Олег Постнов - Страх
Мой троюродный дед, ее насилуя, верно, был на седьмом небе (а теперь сидит в седьмом круге, как того требует небесная геометрия и справедливость). Она была совсем близко, нас отделял шаг или два.
— Я люблю не тебя, — сказал я твердо. — Зачем ты ходишь ко мне?
Ручаюсь, мой голос не дрогнул. Что ж! Я и прежде видел ее. Я хоронил ее сестру. Я покупал ее внучку. Я был весь в поту и трясся. Но я решил лучше умереть, чем уйти теперь. Она странно прищурилась. И замерла. Верно, автору было трудно: она молчала, он не придумал ей роль! Конечно: ведь он не ждал от меня подвоха.
— Что ж, молчи, — сказал я. — Я же пойду. Зажигалка горячая. — Я показал ей зажигалку. И тут понял, что кое-что все же случилось. Зеленый свет разлился вокруг, он был слаб, но довольно ярок для того чтобы я осознал два факта: лестница, по которой я шел, упиралась в огромную груду щебня, спуститься по ней дальше было нельзя. И второе: то, что я принял прежде за обвал штукатурки, было на деле аркой, боковым ходом, и вот он-то вел вниз, не знаю куда, он изгибался в перспективе взгляда где-то вдали. Он был похож на бесконечность из двух зеркал, если поставить их друг против друга. Мара подняла руку (рукав с мережкой доходил до кисти) и пальцем указала мне этот вход.
— Тоня там? — спросил я. В конце концов Гамлет тоже торговался, да еще с отцом. Она наклонила голову: нет.
— Ну так и я не пойду, — заявил я решительно: я опять говорил по-малоросски. — Я хочу только ее. Больше мне ничего не надо.

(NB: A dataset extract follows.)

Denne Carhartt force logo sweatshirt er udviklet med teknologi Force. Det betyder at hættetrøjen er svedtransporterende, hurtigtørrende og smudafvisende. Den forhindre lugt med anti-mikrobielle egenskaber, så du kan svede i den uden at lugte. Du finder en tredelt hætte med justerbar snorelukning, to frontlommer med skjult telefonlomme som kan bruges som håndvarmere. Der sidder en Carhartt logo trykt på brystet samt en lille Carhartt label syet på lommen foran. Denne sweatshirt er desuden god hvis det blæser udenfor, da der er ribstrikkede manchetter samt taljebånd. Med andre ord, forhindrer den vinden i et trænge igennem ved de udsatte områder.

И я вновь погасил зажигалку. Это я сделал машинально — зеленый свет мне казался надежным, но он вдруг тоже погас. Я очутился во тьме.

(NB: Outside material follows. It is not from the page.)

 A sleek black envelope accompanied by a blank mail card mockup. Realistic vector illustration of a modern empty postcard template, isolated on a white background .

— У вас худо с режиссурой! — крикнул я. Это было мальчишество, но я не привык болтать со своей судьбой. Да и не так уж это было глупо: пусть читатель вспомнит хотя бы только свою собственную жизнь. Я повернулся и пошел прочь. Холодный воздух, потом духота подземки не отрезвили меня. Мало того, среди пассажиров я различил двух-трех с явной зеленью на лице — из моего кошмара. Да и вообще, людность вокруг не рассеяла меня. Она и раньше не шла мне на пользу. Но сердце остановилось, когда, открыв дверь, я услыхал в квартире шаги: я вовсе забыл, что не дал Тоне ключ. Я тут же поплатился за эту свою оплошность: дядя Борис с голым брюхом, но почему-то в подтяжках, разгуливал возле шкапа, проклиная на чем свет стоит командировку и Москву. Гостиница была скверной, сказал он, с клопами. А в поезде он порвал чемодан. У матери он не был, не успел, за что извинился. Я тотчас простил его. Я отдал ему ключ, спросил о Мее и ушел навсегда. Кажется, я даже и вообще больше не бывал никогда на Троещине. В тот же вечер я выехал поездом домой, завершив тем самым казенную рокировку. В купе было два старика. Один трогательно ухаживал за другим — тот страдал почками. Всю ночь они не давали мне спать. На вокзале накрашенная девица предложила мне быстренько совокупиться с ней в мужском туалете за умеренную плату. Я был измучен, но не бессилен — и не отказал ей. С благодарностью вспоминаю ее. Ее лоно было узеньким и нежным — как у Тони.
XXII
Впервые мне довелось войти в дом без копейки денег: последние десять рублей унесла моя послушница с вокзала. В этот раз, однако, я был настроен решительно: меня больше не смущали условности, я готов был с порога отправиться к тете Лизе на Парковую, а с нею вместе хоть к Ч*** на кулички, хоть прямо в Киев. Я даже хотел все ей объяснить. Оказалось, однако, что это невозможно: мать лежала в гриппе, и я вновь — в который раз — поразился непостижимой связи между Тоней и горячкой; я был убежден, что и сам через день свалюсь. Этого не произошло; авторы судеб не любят ни критики, ни догадок. Зато мать поправлялась плохо. Прошел месяц, она все еще не была на ногах. Участковый врач качал головой, глядя на ее анализы. Я бесился в душе, но ничего не мог поделать. Она и впрямь нуждалась в уходе. Наконец стало ясно, что у нее нарушения в крови. Диагноз не ужаснул меня лишь потому, что я его не понял: миеломная болезнь. Мне сказали, что с этим живут лет пять. Она прожила три — как я теперь знаю. Она решила наперед, что откажется от химиотерапии. Кажется, она хотела принять яд, но пока не спешила. Я старался ее подбодрить. Во всем этом мне снова чудились дела нездешних рук. Отец, правда, вовсе почти избегнул уз и страдалищ московских клиник, но лишь благодаря проворству своей смерти, на которую теперь вряд ли можно было бы положиться: после встречи в подъезде я знал в душе точно, что у меня с ней есть свои счеты, по которым еще невесть как предстоит заплатить. Первой была мать…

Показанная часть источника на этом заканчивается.